FIG. 12 illustrates on an enlarged scale the dynamic vibration absorbing means (dynamic damper) 36 fixed to the outer surface of the inner casing 33. The vibration absorbing means 36 comprises a support block 60 fixed to the outside of the inner casing 33, levers 61 extending in opposite directions from the support block 60 in parallel with the outer surface of the inner casing 33, and weights 62 supported by free ends of the levers 61. The weights 62 are vibrated by the levers 61 serving as springs to absorb vibrations of the inner casing 33.

As shown in phantom lines in FIG. 12, the support block 60 is elongated toward both of the levers 61 to change supporting points for the levers 61 and lengths of the levers 61, thereby adjusting the spring constant of the dynamic vibration absorbing means.

Moreover, the spring constant of the dynamic vibration absorbing means may be varied by changing lengths of the levers 31, themselves, or positions of the weights mounted on the levers 31.

The vibration free container according to this embodiment is constructed as above described. FIG. 13 schematically illustrates the vibration isolating mechanism according to the invention.

The vibration isolator 34 consists of a spring having a spring constant K, and a damper whose damping coefficient is c. The sum of masses of the inner casing 33 and the load 20 is M. Masses of the weights 62, spring constants of the levers 61 and damping coefficients of the levers are indicated by (m1, k1, c1), (m2 k2, c2) . . . , (mn, kn, cn).

The vibrations (accelerations) x from the floor are damped by the spring constant k and the damping coefficient through the vibration isolators 64 and transmitted to the inner casing 63. In this case, with the aid of the dynamic vibration absorbing means whose spring constant is suitably adjusted, the vibration xn of the weight 62 absorbs vibration y of the inner casing 63 to eliminate the vibration of the inner casing 63.

FIG. 14 illustrates vibrations of the inner casing 33 (vibration accelerations y, as vibration transmissibility (|y/x|) when vibrations (vibration accelerations x) of a floor in vertical directions are applied to the containers. An abscissa and an ordinate in FIG. 5 indicate frequency and the vibration transmissibility, respectively. The results of the vibration free containers according to the invention are shown in a solid line and the results of the container of the prior art are in a broken line.

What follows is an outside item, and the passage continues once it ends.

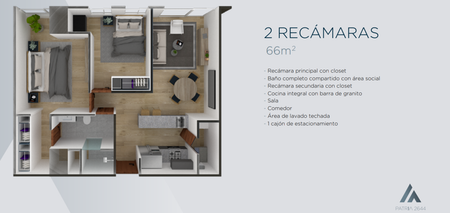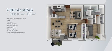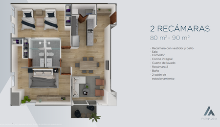 TORRE PATRIA 2644 cuenta con 4 modelos de departamentos entre 47 y 150m2 de 1, 2 y 3 recamaras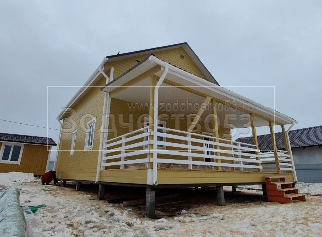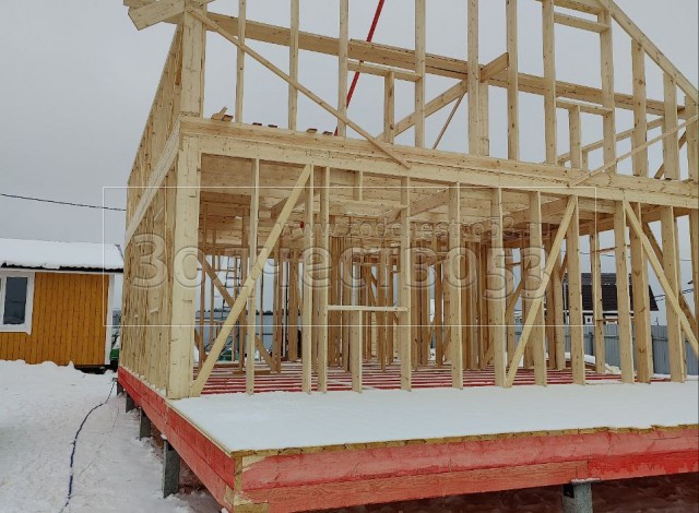 Постройка полутораэтажного дома по проекту Глафира, общими размерами 14.0×8.0 (9.0×8.0 дом) каркасно —щитовой (Камерной сушки) с утеплением в 200 мм (стены) под двухскатной крышей и открытая терраса(3.0×8.0 ) под отдельной односкатной крышей и открытое крыльцо (2.0×2.0) под отдельной односкатной крышей

With the containers of the prior art, there is no vibration isolating means other than that the loads therein are held by supporting means and buffer members are filled in inner spaces of the containers. Therefore, the containers of the prior art have resonance frequencies f0 at certain frequencies and the loads undergo violent vibrations at the frequencies f0.

In contrast herewith, according to the invention the spring constant of the dynamic vibration absorbing means 6 is so adjusted that the vibrations at the resonance frequencies F0 are eliminated, so that the vibration transmissibility at the resonance frequency can be greatly reduced as shown in the solid line. Although there are only two peaks of the vibration transmissibility in slight excess of 1 at frequencies slightly less than and slightly more than the resonance frequency F0, the containers according to the embodiment clearly exhibit the significant vibration isolating effect.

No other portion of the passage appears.